Apparently there were two of them, one was her ex-boyfriend, the other a writer I didn’t know but had met many times.
‘He says you aren’t as good as everyone makes out,’ she said.
‘What’s he got to do with this?’
‘He’s a friend.’
‘OK,’ I said. ‘I can’t have it said about me that I’ve raped someone. It wasn’t rape. Tell them it wasn’t rape.’
‘It wasn’t.’
‘Are they still coming up here?’
‘I don’t know what they think now.’
‘The best thing would be if we met,’ I said. ‘You, your boyfriend and me. So that we can talk about it.’
‘Yes,’ she said.
‘What about tomorrow? Two o’clock in the café by the decorative art museum?’
‘Yes, that’s fine. I want to talk too. I’ve rung you several times, but your wife has always picked up.’
‘See you,’ I said and rang off.
At that moment Tonje came into the room, she must have been waiting. She glared at me.

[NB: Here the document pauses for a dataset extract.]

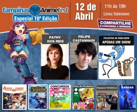 O 10º Campinas Anime Fest será realizado no dia 12 de Abril, no Colégio Liceu Nossa Senhora Auxiliadora, e irá reunir os amantes do Anime e Mangá, Histórias em Quadrinhos, Games, RPG, Card Games, Música, dentre outras temáticas vinculadas. O evento contará com mais de 20 atividades, dentre elas palestras, apresentações musiciais,, concursos de Cosplay (fantasias), concurso de Animekê (karaokê temático), torneios de vídeo-games, card games, feira de produtos, praça de alimentação, dentre muitas outras atividades.

‘We need to talk,’ I said.
We sat in my office. It was as though I had stepped into a zone, the light was all white, nothing existed beyond it. We talked about what had happened. I told her about the night in detail. Why didn’t you say anything? Tonje kept saying. Why didn’t you say anything? Why didn’t you say anything? I apologised, I said I hadn’t meant it, I asked for her forgiveness, but we were both in a completely different place, this wasn’t about forgiveness, this was about what we had together, which had been so wonderful that it was ruined. The way all of this had come out, the brutal and uncontrolled manner of it, had given her a shock, she was in shock, her face was still ashen, but she wasn’t crying, she was just attempting to grasp the significance of it. I was also in shock, the white light seared out everything else, all that was left was the terrible deed. I told her it wasn’t rape. Of course, she said, I know, that’s not what this is about. For me though it was also what this was about, anything could happen, she could go to the police, they might come here and arrest me. No one in the world would believe me, I would be convicted as a rapist, the worst thing that could befall me, the greatest ignominy, for all the future, for the rest of my life. What was more, I was in the public eye, if the press got hold of it I would be hung out to dry on every single front page in the whole country. I didn’t give that any thought then though as we sat talking in my study, it was what I had done to Tonje that counted. She didn’t cry, but she had withdrawn, she was deep inside herself, shaken to the very bottom of her soul.
The next day I walked into town, which had totally disappeared, it had been erased, the thought of what I had done was all that existed.
They weren’t in the café. I waited for an hour, they didn’t come.
I rang Tomas and brought him up to date. He was furious. He said he knew Arild, which was his name, her ex, he was a criminal, a drug addict, he was nothing to be afraid of, but if you like, Karl Ove, I can go and pay him a visit and frighten him so much he’ll never contact you again. I’ll knock him senseless if necessary. Shall I? Let’s wait a bit, I said, and see what happens. If he contacts me again you could perhaps have a word with him. I’ll do that. You can rely on me. That kind of person is just evil.
When I returned, the flat wonderfully illuminated by the glow of the winter sun, I heard Tonje running water into the bath. I didn’t want to disturb her, I went into the sitting room and looked up at the mountain opposite.
The sound of running water stopped.
A long drawn-out heart-rending sob came from her.